What !? No light at the detector?



Hey, wait a minute! Waves are energy, right? Energy is conserved, right? How can two waves combine to produce no wave at all !? How can two bundles of energy meet and then there is no energy at all?

Truth is, photons of light are quanta, and quanta are wierd. They are neither wave nor particle, although they have properties of both (momentum, interference), plus some strange properties of their own (entanglement). The notion of a wave split in two and recombined is a gross oversimplification of what is going on in an interferometer or any other event involving paths of quanta (which don't have paths anyway, but don't get me started on that).

One way to calculate the outcome of events involving quanta is to assume that quanta travel every possible path, but interference among paths cancels most of them out, leaving only one or a few where quanta could be detected.
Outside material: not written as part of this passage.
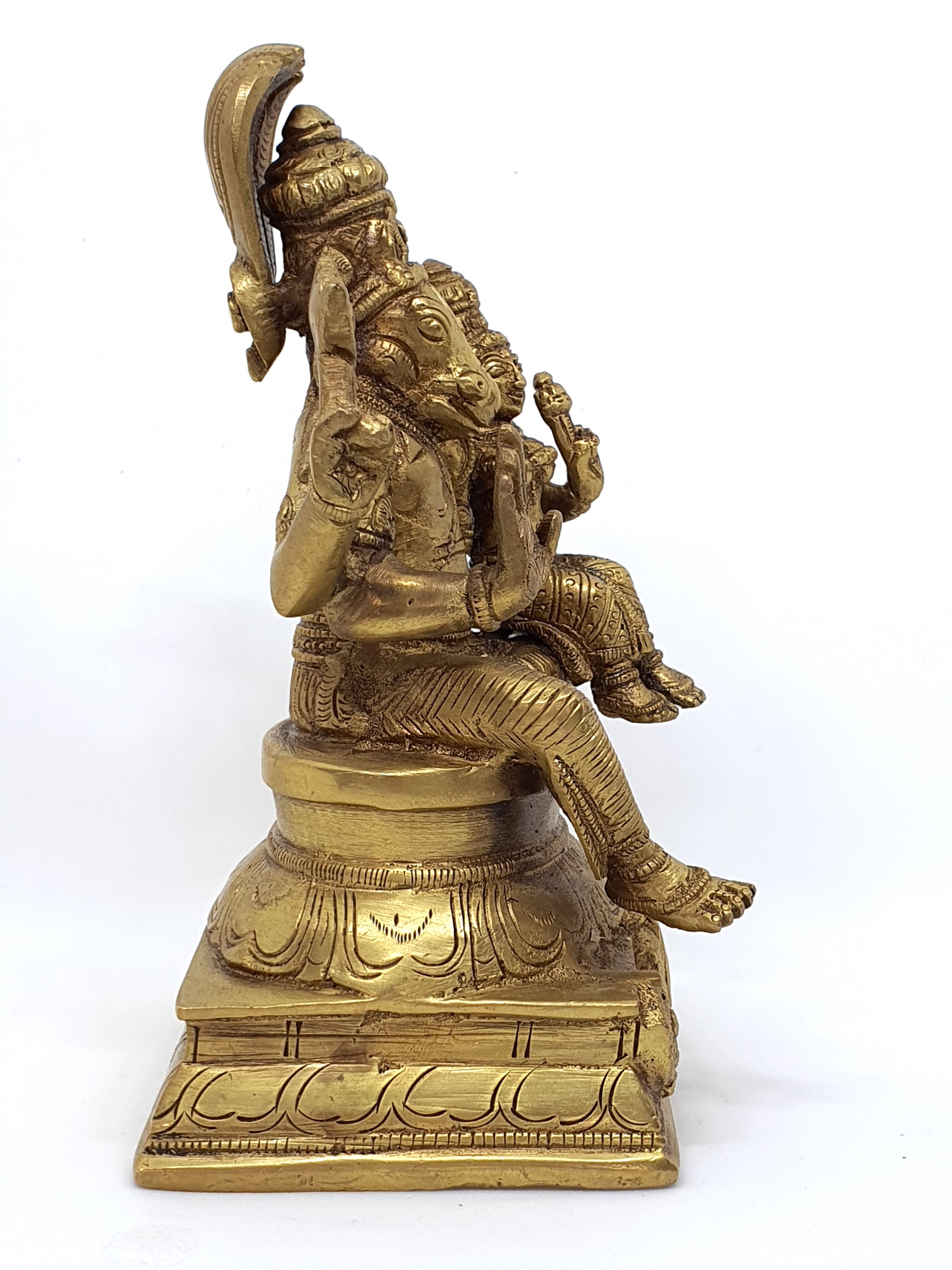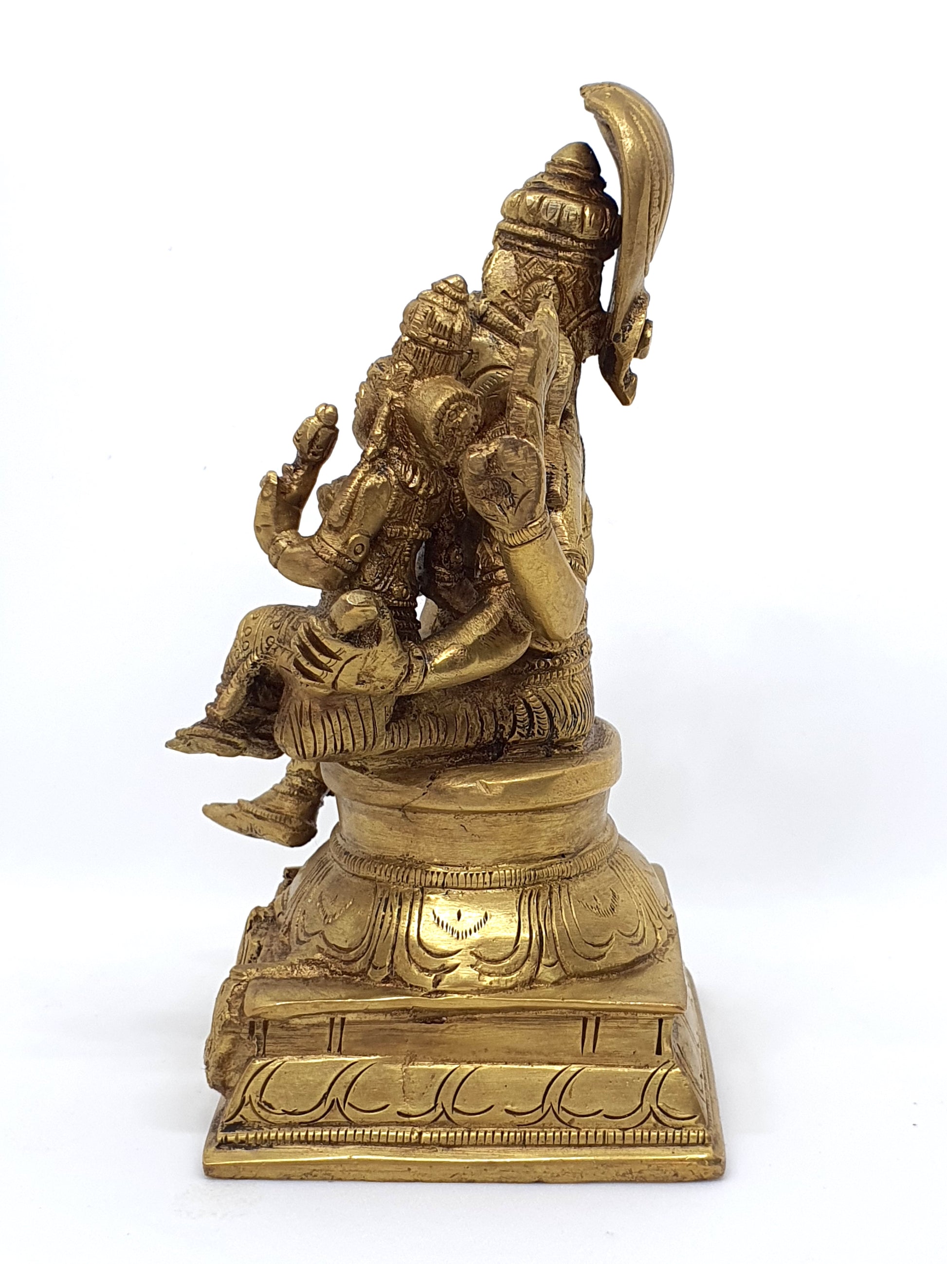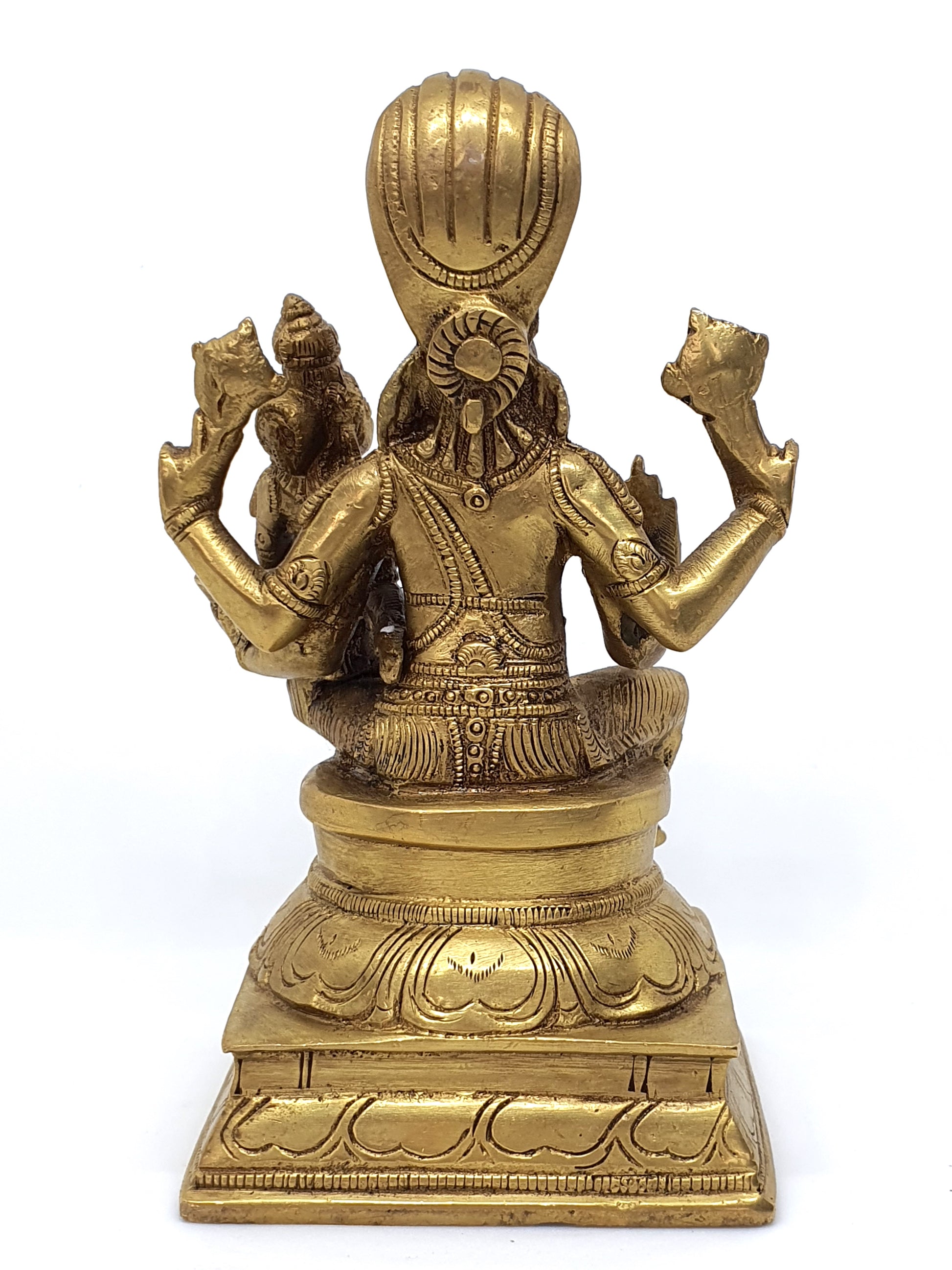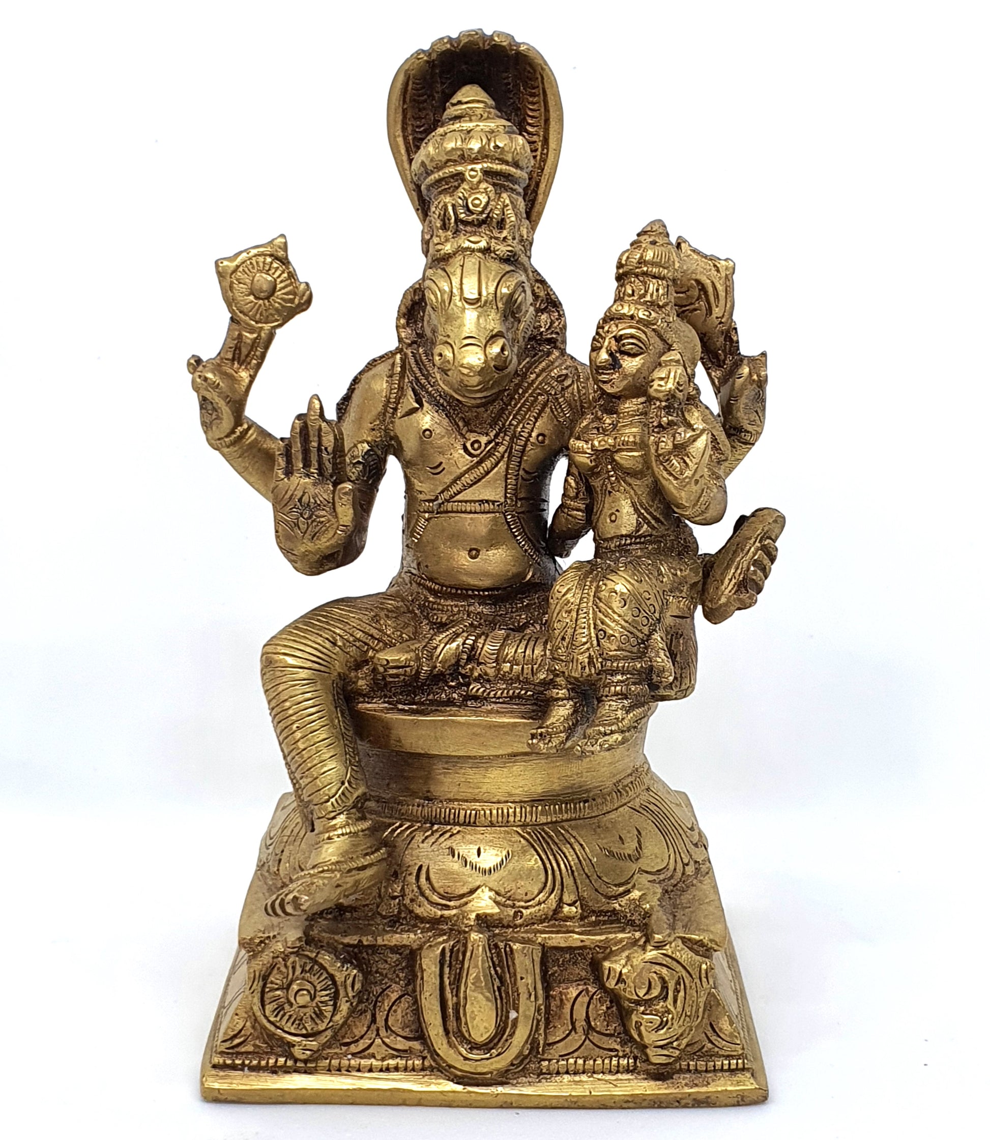 He has four hands, with one in the mode of bestowing knowledge; another holds books of wisdom, and the other two hold the Conch and Discus. He is considered the Guru of goddess Saraswati - the goddess of Knowledge. His blessings are sought when beginning study of both sacred and secular subjects. His face is always serene and peaceful, if not smiling. He is most commonly worshipped along with his consort Lakshmi, seen here sitting on his lap. This signifies the coming together of wisdom symbolised by Hayagriva and wealth symbolised by goddess Lakshmi. Lakshmi Hayagriva form combines wisdom and prosperity.
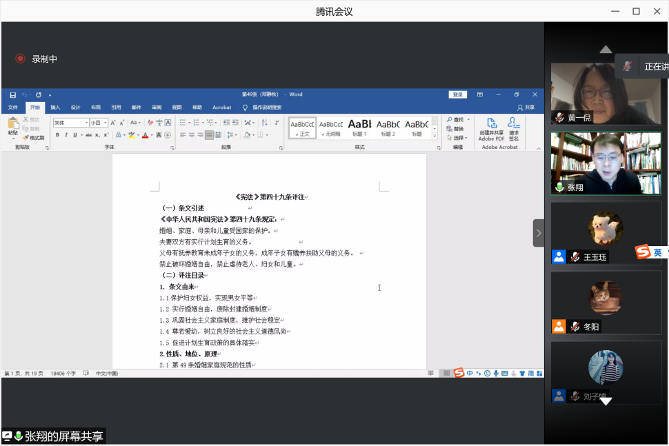 张翔教授介绍了自身开展的法律评注工作情况,他从2017年决定撰写《宪法》法律评注,到目前为止已经完成《宪法》半数以上条文的评注。张翔教授提出,撰写法律评注过程中应当贯彻穷尽原则,关注评注条文最有特色的内容。最后,张翔教授表示,尽管中国法律评注短期内较难达到德国法律评注的水准,但当前的中国法律评注工作能为未来的完善打下良好基础。

In the interferometer, we are looking at one path only, and that's the path that will tell us if the instrument is being distorted by a passing gravitational wave. If path lengths are adjusted so that interference is causing no energy to arrive at the detector (as it is when we are waiting for a wave), then it is merely causing the energy to go somewhere else, where we don't happen to be looking (because it wouldn't tell us anything that its non-arrival at the detector doesn't already say).

Quanta are weird (is there an echo in here?); there's no way around it. But they obey conservation of energy, just like everything else in the universe. Wave interference makes it impossible for the detector to catch that energy, because the laser's energy is going somewhere else, until that gravity wave comes along.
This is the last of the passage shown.